Highlights & Insights¶
- Introducing BDD methodology into LLM evaluation represents an insightful cross-domain transfer — applying the mature software engineering practice of Given-When-Then to the verification of AI-generated code.
- The iterative self-correction mechanism in HITL-MAA (Dry Run + Test Runner) resolves 80% of logical errors, demonstrating the practical utility of LLMs within annotation pipelines.
- Failure mode analysis exposes a fundamental issue in multi-agent architectures: information is progressively diluted as it passes between agents, preserving high-level functionality while losing fine-grained details.
Limitations & Future Work¶
- Coverage is limited to web applications; while the authors argue this constitutes a "lower-bound test," challenges in desktop, mobile, and backend applications may differ substantially.

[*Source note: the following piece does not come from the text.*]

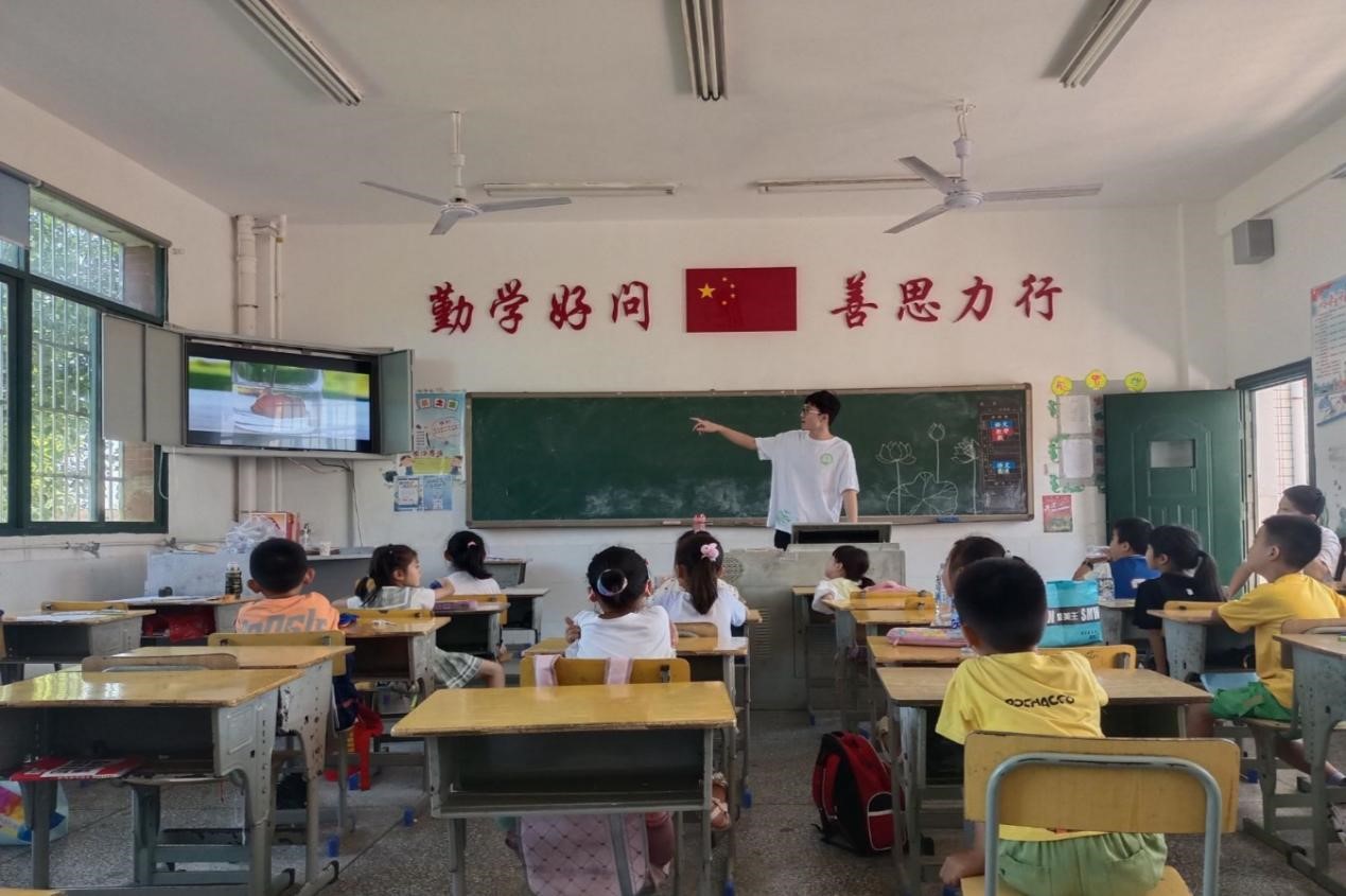 (通讯员 孙雨欣)7月12日上午,为激发和培养学生对科学的学习兴趣与探索精神,地理科学学院“盛夏印记”暑期三下乡社会实践团于绿荷塘小学开展科学实验课。绿荷塘小学部分学生和实践团成员参与此次课程。

- The benchmark scale of 46 projects is constrained by the high cost of repository-level benchmark construction.
- CI/CD integration and deep backend verification are excluded in favor of browser-automation-based black-box testing.
- Future work may extend the benchmark into a continuously updated public leaderboard supporting longitudinal evaluation.
Related Work & Insights¶
- vs. rSDE-Bench: rSDE-Bench uses function-level unit tests to verify outputs; E2EDev uses BDD tests to verify behavior from a user perspective, at a granularity more aligned with real usage scenarios.
- vs. SoftwareDev/SRDD: These rely on vague descriptions and human evaluation; E2EDev provides fine-grained requirements and automated deterministic assessment.
- vs. Mle-Bench/GitTaskBench: These focus on ML pipelines and repository operations, respectively; E2EDev targets the complete pipeline from requirements to executable projects.
Rating¶
- Novelty: ⭐⭐⭐⭐ Introducing BDD into LLM E2ESD evaluation is a meaningful contribution, though the benchmark construction methodology itself is relatively straightforward.
- Experimental Thoroughness: ⭐⭐⭐⭐⭐ Covers 6 LLM backbones × 6 frameworks with additional manual failure mode analysis — highly comprehensive.
- Writing Quality: ⭐⭐⭐⭐ Well-structured with intuitive figures and in-depth analysis.
- Value: ⭐⭐⭐⭐ Fills a gap in reliable E2ESD evaluation; failure mode analysis provides direct guidance for framework design.